3. КОНЦЕПЦИЯ ПРИЗВАНИЯ У ЛЮТЕРА

3. КОНЦЕПЦИЯ ПРИЗВАНИЯ У ЛЮТЕРА

ЗАДАЧА ИССЛЕДОВАНИЯ

Совершенно очевидно, что в немецком слове «Beruf»[85] и, быть может, в ещё большей степени в английском «calling» наряду с другими мотивами звучит религиозный мотив — представление о поставленной Богом задаче, и звучит он тем сильнее, чем больше в каждом конкретном случае подчеркивается это слово. Если мы проследим историческую эволюцию этого слова во всех культурных языках мира, то окажется, что у народов, тяготеющих в преобладающей своей части к католицизму, как и у народов классической древности[86], отсутствует понятие, аналогичное тому, что в немецком языке именуется «Веruf», в смысле определенного жизненного положения, четко ограниченной сферы деятельности, тогда как оно существует у всех протестантских (по преимуществу) народов. Далее оказывается, что дело здесь отнюдь не в какой-либо этической особенности определенных языков, не в выражении некоего «германского народного духа», что слово это в его нынешнем смысле впервые появилось в переводах Библии и что оно соответствует не духу подлинника, а духу перевода[87]. В лютеровском переводе Библии это слово в своем теперешнем значении, по-видимому, впервые встречается в переводе одного текста из Книги Иисуса сына Сирахова (11, 20–21)[88]. Очень скоро оно обрело современное значение в светских языках всех протестантских народов, тогда как ранее ни в одном языке не было даже намека на подобное его употребление в светской литературе. Не встречается оно, насколько нам известно, и в проповедях; исключение составляет лишь один из немецких мистиков (Таулер — см. ниже), влияние которого на Лютера хорошо известно.
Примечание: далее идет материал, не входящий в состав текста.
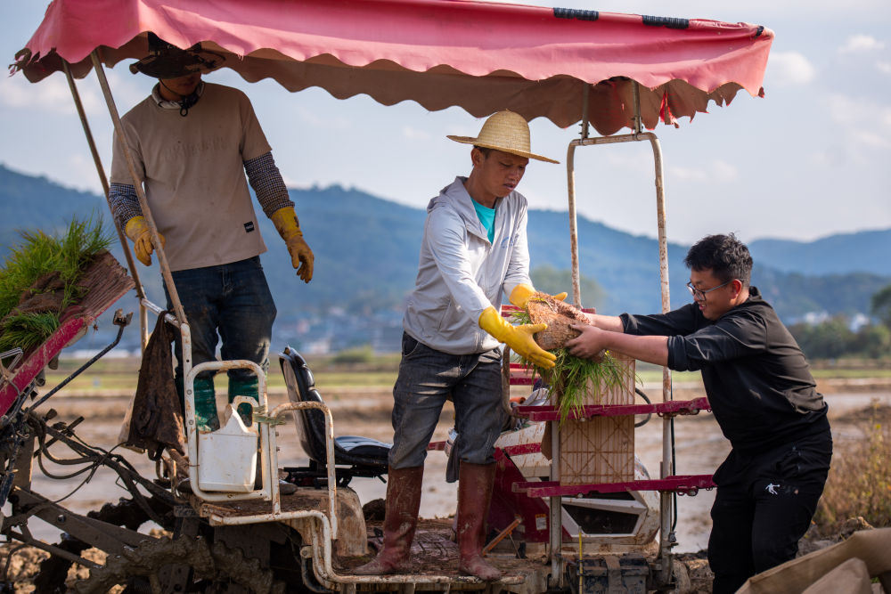 多年生稻科技小院的學(xué)生(右一)幫助當?shù)剞r(nóng)民一起插秧。
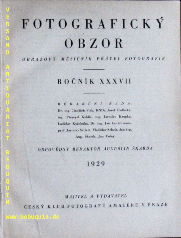 FLEK / HRDLICKA / KOBLIC / KRUPKA / KOZEHUBA / LAUSCHMANN / SEIFERT / SCHOLZ / SRP / SKARDA / VOLNY: Fotograficky Obzor. Obrazovy Mesicnik Pratel Fotografie. Rocnik XXXVII. Prag (Cesky Klub Fotografu), 1929. Gr. 8°. 190 (6) S. mit zahlr. Bildern. OLn mit Goldprägung. kaum bestaubt. seltenes tschechisches Fotografie-Periodikum.
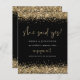 Ett ekonomiskt alternativ i BUDGET på en mindre storlek på 4,5 x 5,6 tum (110 lbs vikt), som är av samma tjocklek som ett vykort (är dock inte lämpligt för använda som vykort). OBSERVERA ATT DET FINNS EN PER lakan. Guld Glitter Black sa "ja Förlovning annons". Lite gnistra för att låta alla få veta dina spännande nyheter i klassiskt svart och guld! Elegant guld faux glitter konetti gräns ligger överst och grund och även på baksidan. Hon sa Ja och Förlovningen är i ett modernt handskriftsformat stil. Anpassa enkelt resten av texten till din egen.
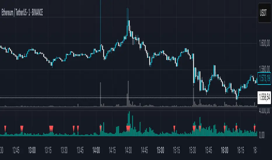 It identifies and optionally smooths or excludes high “climax” candles to provide a clearer view of natural volume trends during pullbacks and consolidations.
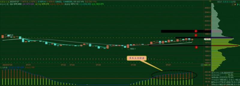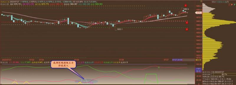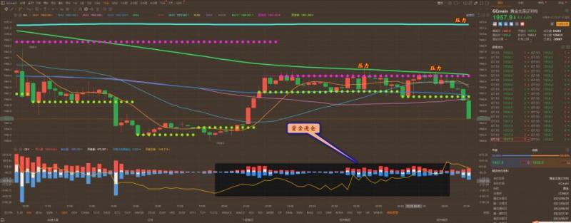 通过对黄金小时图解析得知,黄金从早盘在下方得到支撑反弹上涨(一号支撑),目前在1973一线受阻回落,短期下方我们继续关注下方的12号的支撑即可,上方号压力位非常的重要一旦放量突破将会继续加速震荡上行,之所以会出现启动上涨在前几个交易日就已经专门通知过了,在底部区域就已经出现超级主力抄底的信号,我们从下
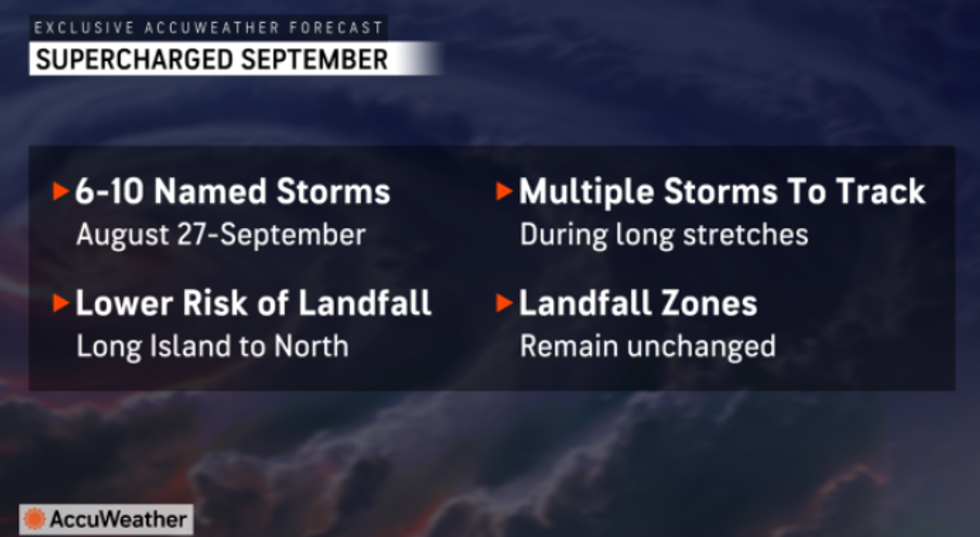Meteorologists from AccuWeather are warning about the potential for “back-to-back tropical threats” in the Atlantic in the coming weeks, forecasting up to 10 named storms between August 27 and September 30. The average for that time frame is six storms. The agency says dry air and Saharan dust have kept the Atlantic relatively quiet but that these conditions are lifting now. “With extremely warm water temperatures, less disruptive wind shear, and less dry air, we could see a storm organizing every few days,” said AccuWeather lead hurricane expert Alex DaSilva.

Новым является не только значение данного слова, нова (что в общем, вероятно, известно) и сама идея, созданная Реформацией. Это не означает, конечно, что элементов оценки мирской повседневной деятельности, которые содержатся в понятии «Beruf», не было уже в средние века или даже в древности (в эпоху позднего эллинизма), — об этом будет сказано ниже. Безусловно новым было, однако, следующее: в этом понятии заключена оценка, согласно которой выполнение долга в рамках мирской профессии рассматривается как наивысшая задача нравственной жизни человека. Неизбежным следствием этого были представление о религиозном значении мирского будничного труда и создание понятия «Beruf» в вышеуказанном смысле. Следовательно, в понятии «Beruf» находит свое выражение тот центральный догмат всех протестантских исповеданий, который отвергает католическое разделение нравственных заветов христианства на «praecepta»[89] и «consilia»[90], — догмат, который единственным средством стать угодным Богу считает не пренебрежение мирской нравственностью с высот монашеской аскезы, а исключительно выполнение мирских обязанностей так, как они определяются для каждого человека его местом в жизни; тем самым эти обязанности становятся для человека его «призванием».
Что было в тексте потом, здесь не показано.